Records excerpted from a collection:

◆ ◆ ◆

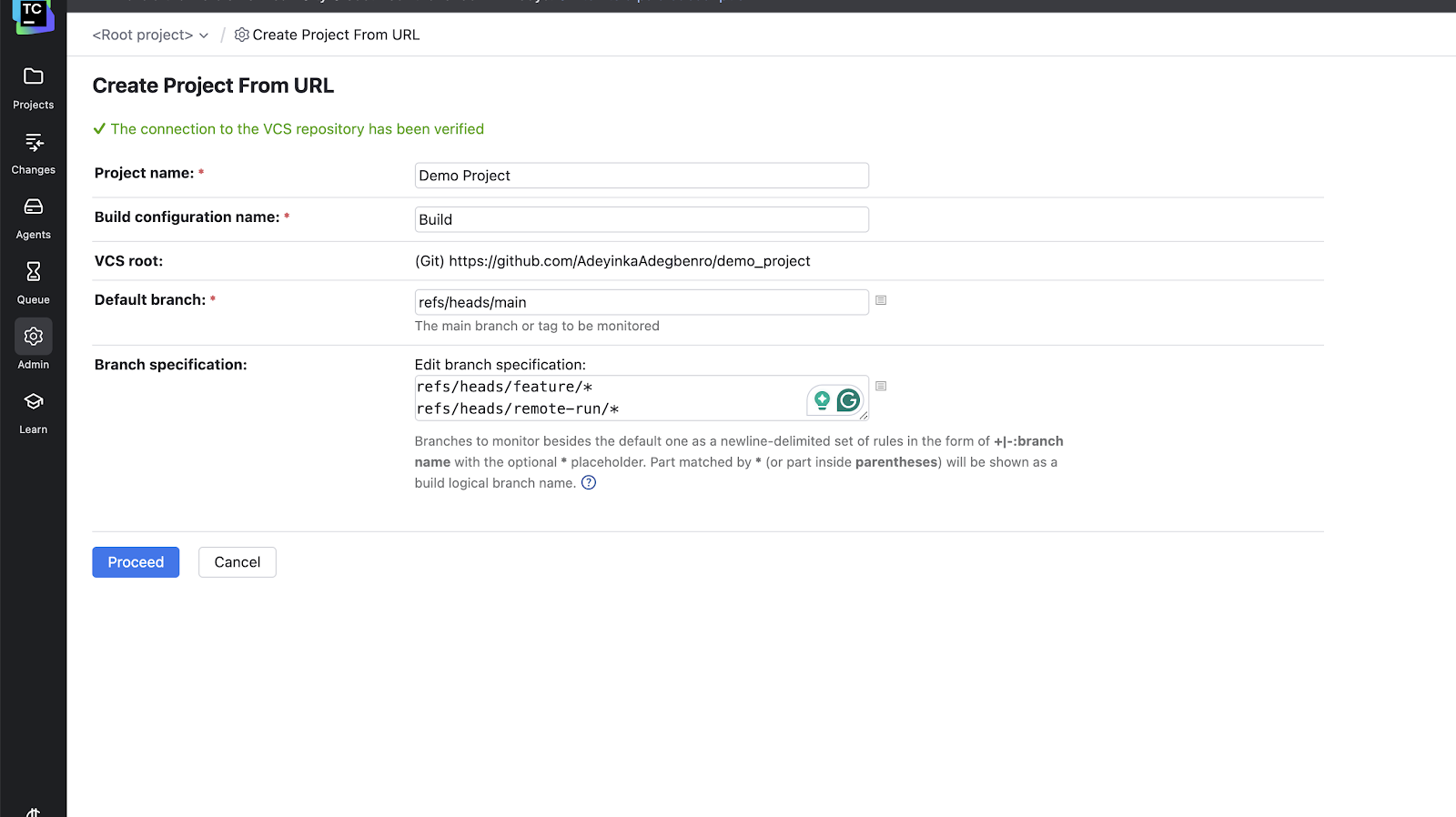 Click Proceed to continue to the build step.
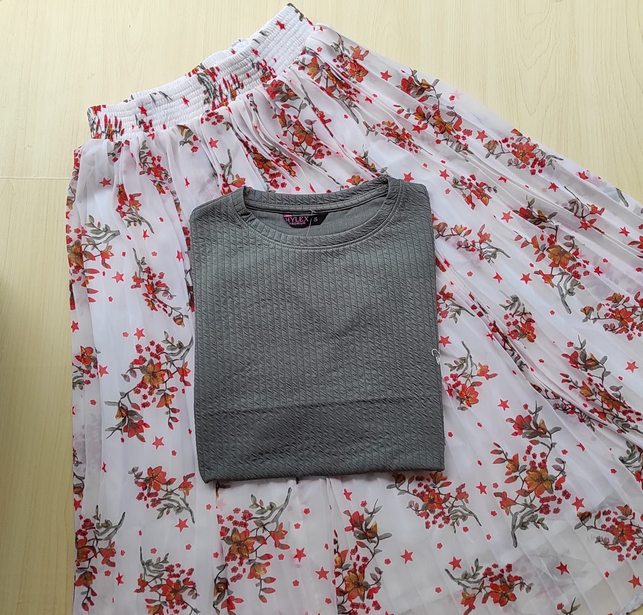 Solid tshirt and pleated skirt Combo
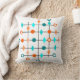 Cet oreiller de lancer a le design moderne du milieu du siècle d'une grille en lignes noires avec des cercles et diamants orange et turquoises.
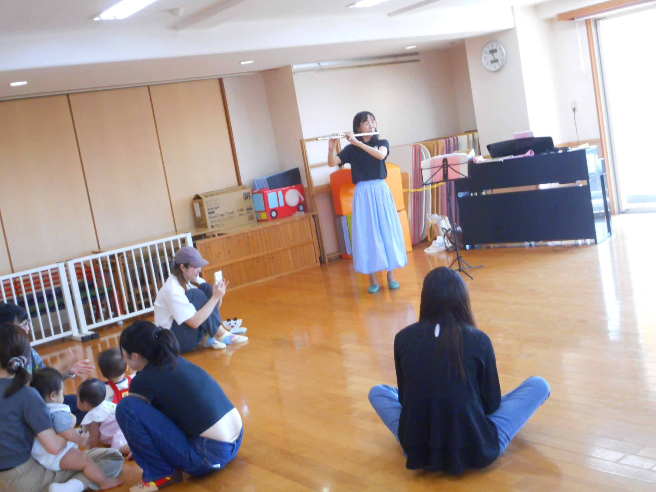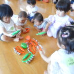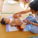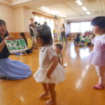 リトミック・ベビーマッサージを楽しみました 2025年10月9日 最終更新日時 : 2025年10月9日 admin 講師の方をお呼びしてのイベントがいっぱいの、10月★ リトミックでは、楽器に触れたり、リズムにのって楽しみました。 ベビーマッサージではお母さんとの触れ合いを楽しみながらゆったりとした時間を過ごしました。
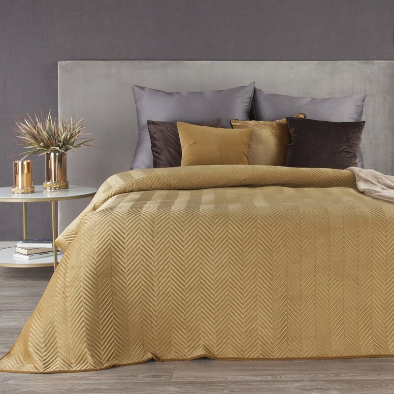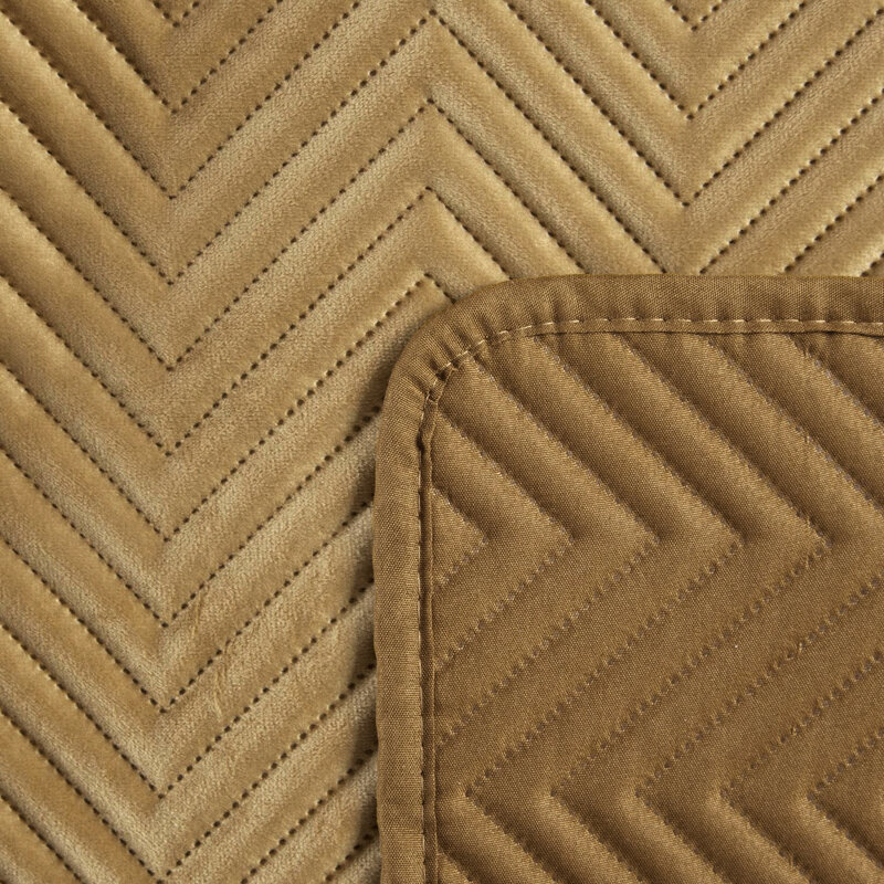 Exkluzívny prehoz na posteľ z mäkkého a na dotyk príjemného zamatu prešívaného veľkým hustým vzorom rybej kosti. Na prešívanie sa použila bezšvová metóda horúceho lisovania. Šírka: 200 cm, dĺžka: 220 cm, farba: medová, gramáž: 250+120+65 GSM, zloženie: Materiál: 100% polyester.
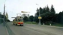 The Vinnytsia Tramway (Ukrainian: Вінницький Трамвай, translit.: Vinnytskyi Tramvai) network is the part of the public transportation system that since 1913 serves Vinnytsia, the administrative center of the Vinnytsia Oblast, Ukraine. The tram system has a narrow rail gauge of 1,000 mm (3 ft 3+3⁄8 in) that only exists in Ukraine in the cities of Lviv, Zhytomyr and Yevpatoria, as well as Vinnytsia. The system currently consists of 21.2 km of tracks.[1]
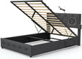 Full Size Bed Frame With Gas Lift Storage Bed With Modern Wingback Headboard, Usb Ports Box Spring Not Required Full Dark Gray Metal Bedroom Contemporary Bed Frame Foam Linen Upholstered
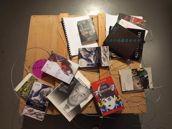 Λήψη μέρους της έκθεσης «Ανατροπή (η επιστημονική φαντασία σαν αλλαγή)» που αφορά στον Κώστα Σφήκα. Πηγή φωτ.: Facebook/ MOMus - Πειραματικό Κέντρο Τεχνών / Experimental Center for the Arts
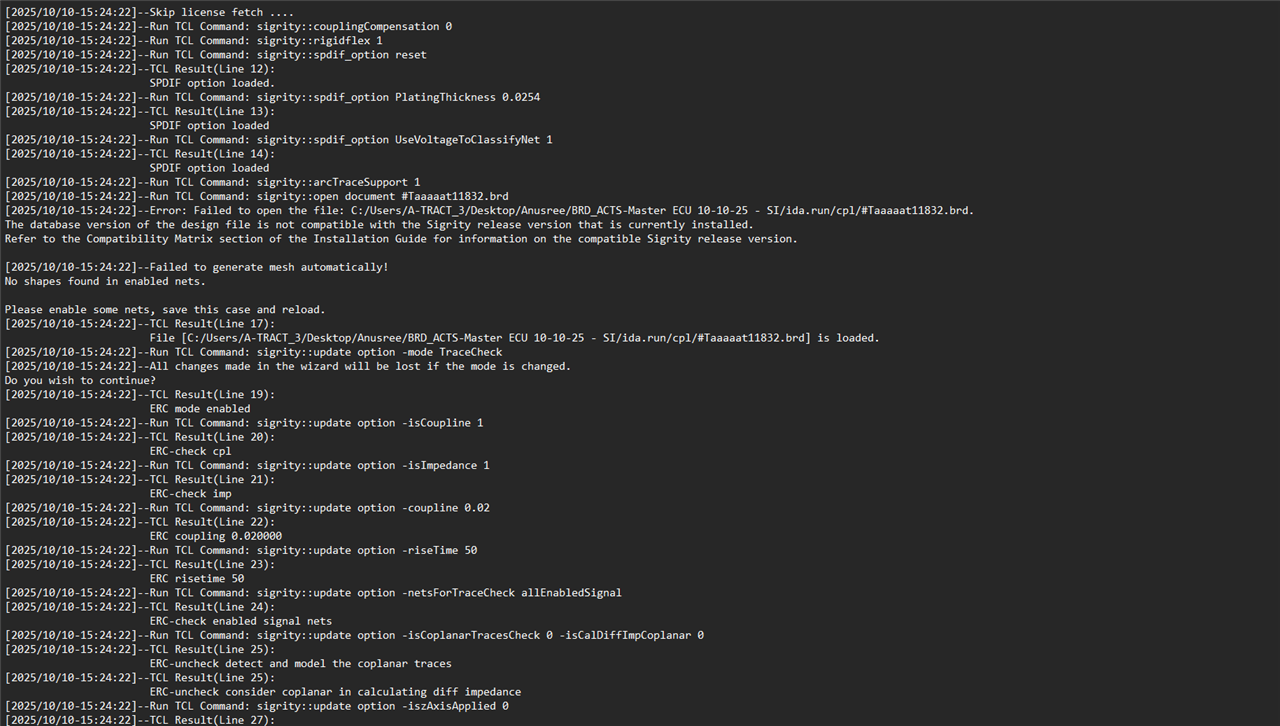 I am using Sigrity Aurora 23.1 and while performing reflection and impedance analysis, the error log initially showed:
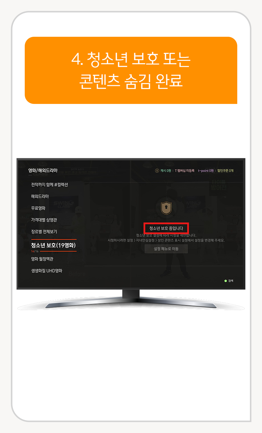 4. 청소년 보호 또는 콘텐츠 숨김 완료
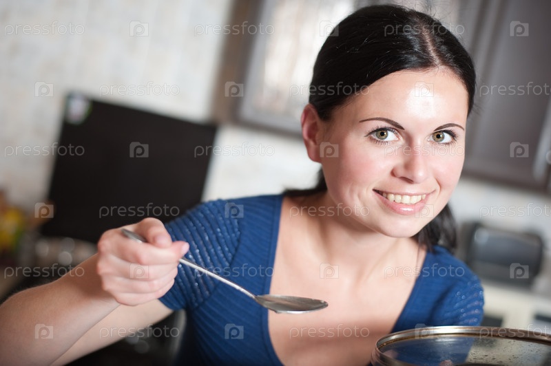Молодая хозяйка готовит блюда на кухне
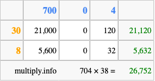 Below is an illustration showing you how to calculate 704 times 38 using the box method, using the instructions above.

◆ ◆ ◆

YOUR TASK — The output is the stretch above from the line with "I am using Sigrity" through the line with "Молодая хозяйка готовит блюда на кухне", copied word for word with both ends kept and every picture dropped.

SOLUTION TO THE EXERCISE —
 I am using Sigrity Aurora 23.1 and while performing reflection and impedance analysis, the error log initially showed:
 4. 청소년 보호 또는 콘텐츠 숨김 완료
Молодая хозяйка готовит блюда на кухне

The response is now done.